Reacting to recent IMF advice, the CBN governor said that “in terms of advice, it is important we reiterate the fact that CBN remains a development finance oriented central bank.
“It is normal, very normal for an emerging markets a developing economy, to deploy development finance tools through interventions to support the growth of the economy”.
Emefiele said about two years ago, the monetary policy thrust was on price and monetary stability that is conducive to growth. “If we are to adopt price and monetary stability policy that is conducive to growth in an environment where there is tight space; where revenue shortfalls abound, and even government has to borrow, it’s just reasonable that the CBN has to step in to support the fiscal, to fill that space, not through grant, but through loans to small holder farmers and households.”

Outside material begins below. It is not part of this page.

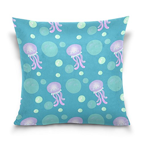 1.Pattern: Jellyfish Pattern Printed Cotton Velvet Custom Throw Pillow Case. 2.Material:Made of 50% Cotton,50% Polyester,Double-sided Printing. 3.Unique design:Hidden Zipper closure on bottom for easy removal of insert. 4.High-points:Soft to touch, easy to wash and dry fast. 5.Using Place:Wide applications,perfect for home decoration(bed,couch,sofa,or chair),car decoration,hotel,cafe decor,and everyday use as it will create a warm and holiday mood wherever they are placed. Great gift idea for friends,a lover,boyfriend,girlfriend,husband or a wife.

He also alluded to Federal Government’s efforts to solve the lingering petroleum products crises in the country.
He said the Minister of Finance was meeting with officials of the Nigeria National Petroleum Company Limited (NNPC Limited), while another meeting has been set up between the CBN and the NNPC Ltd to see what interventions the apex bank can design to help mitigate the rising prices of petroleum products.
Emefiele said: “We are told at this meeting today by the representative of Minister of Finance that the minister, Mrs. Zainab Ahmed and NNPC are holding engagements to see what can be done to make sure that adequate funding is provided so that petroleum products are made available,” adding that the petroleum products “can be imported and filling stations can have these products.”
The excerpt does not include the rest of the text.